The prosper loan dataset contains 113,937 loans with 81 variables on each loan, including loan amount, borrower rate (or interest rate), current loan status, borrower income, and many others.
In this project I explored 10 -15 variables in the dataset which was used in analysing the dataset. I reduced the dataset to 84853 loans with 15 features to form a new Prosper Loan Dataframe. I dropped these missing values columns and converted LoanOriginationDate column to datetime datatype.
The majority of the loans in the dataset are current loans. Based on the length of the payment delay, past due loans are divided into numerous classes. Completed loans make up a significant portion of the total; defaulted loans make up a small percentage, but charged-off loans make up a significant portion as well.
The monthly income distribution still shows a clear right skew with a mean and 3 times standard deviations boundary, but we can now determine that the mode is around 5000.
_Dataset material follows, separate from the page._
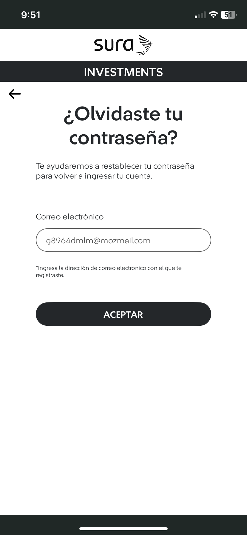 | 5 Ingresa los datos requeridos para validar tu identidad, luego haz tab en el botón "Aceptar". |
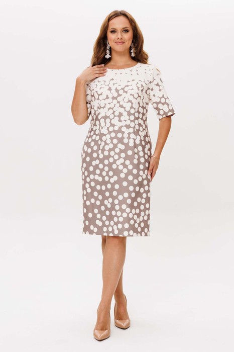 Платье женское полуприлегающего силуэта, перед с нагрудными и талиевыми вытачками, спина с талиевыми вытачками, средним швом, который заканчивается шлицей. Рукав втачной. Горловина руглая. В среднем шве спики обработана тесьма-молния.

The majority of borrowers are employed, with all other categories accounting for only a minor percentage of total borrowers. Full-time work has the highest priority in small groups, followed by self-employed workers, and so on.
There were no usual distributions. The vast majority of loans are current ones. We are not interested in any current loans because our main purpose is to determine driving elements of loan outcome.
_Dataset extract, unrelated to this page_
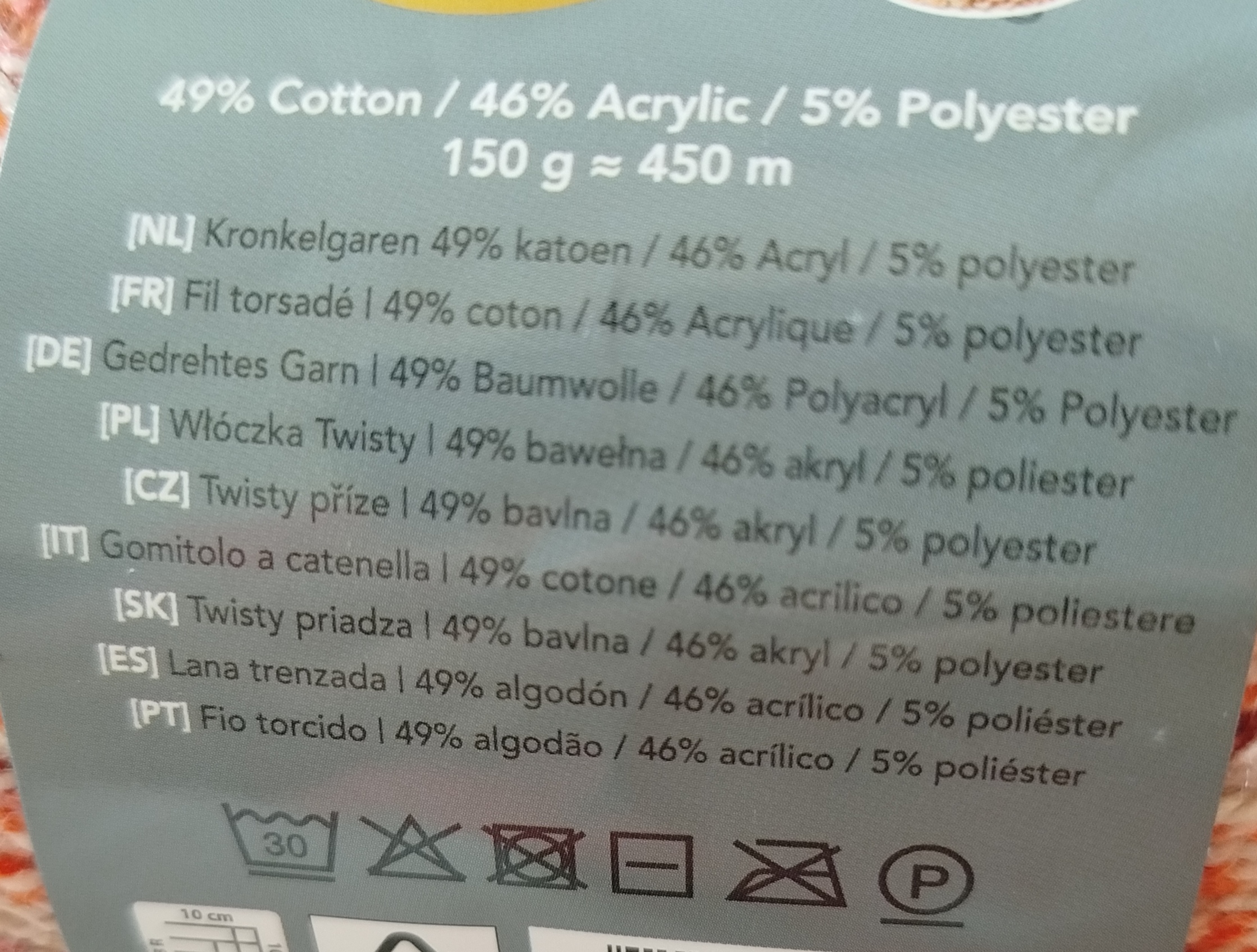 Matière : 49% coton, 46% acrylique, 5% polyester

Because most of the values in the variable Listing Category are quite rare, we changed it to categorical and reduced the number of categories to make it easier to visualise. Debt consolidation has the highest frequency of all of the changed listing options and startup having the lowest frequency in both graph.
The most common defaulted loan rating is actually D and among the Completed, D is also the most common rating, followed by A and so on.
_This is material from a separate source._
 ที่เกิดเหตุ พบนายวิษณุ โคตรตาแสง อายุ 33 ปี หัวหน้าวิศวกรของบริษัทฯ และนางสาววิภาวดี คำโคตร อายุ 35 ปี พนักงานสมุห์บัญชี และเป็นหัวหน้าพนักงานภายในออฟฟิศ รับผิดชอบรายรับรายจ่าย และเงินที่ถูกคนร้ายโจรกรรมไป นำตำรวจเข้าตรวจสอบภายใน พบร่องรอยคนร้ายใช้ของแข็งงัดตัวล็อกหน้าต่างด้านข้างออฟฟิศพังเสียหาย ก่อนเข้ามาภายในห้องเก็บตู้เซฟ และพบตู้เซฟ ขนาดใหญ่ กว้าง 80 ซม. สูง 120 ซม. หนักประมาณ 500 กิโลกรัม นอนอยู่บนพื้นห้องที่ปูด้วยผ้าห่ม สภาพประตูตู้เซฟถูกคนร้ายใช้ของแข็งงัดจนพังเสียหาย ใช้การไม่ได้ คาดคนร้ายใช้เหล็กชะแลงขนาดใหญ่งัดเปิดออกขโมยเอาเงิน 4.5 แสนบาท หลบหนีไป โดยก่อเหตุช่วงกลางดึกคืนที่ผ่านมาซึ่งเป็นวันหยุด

The monthly stated income distribution is odd: there are a lot of outliers and a wide range, but it still has the appropriate tilt (rightly skew). The employed are majority of borrowers, with all other groups accounting for a minor percentage of borrowers, and the majority of the loans in the data set are current.
There were no usual distributions. The vast majority of loans are current ones. We are not interested in any current loans because our main purpose is to determine driving elements of loan outcome.
When comparing loan status to loan amount, defaulted credits are typically smaller than completed credits. Individuals with lower ratings are more likely to be unemployed, self-employed, retired, or working part-time. and among defaulted credits, the Prosper rating (Alpha) D is the most common.
For the presentation, I focus on exploring the features that is used in predicting loan default and what are major factors are connected with prosper credit rating and loan performance.
I start by introducing and going through each features individually, then how they link and interact to one another, and finally how they relate to loan defaulting and performance using the aid of different charts.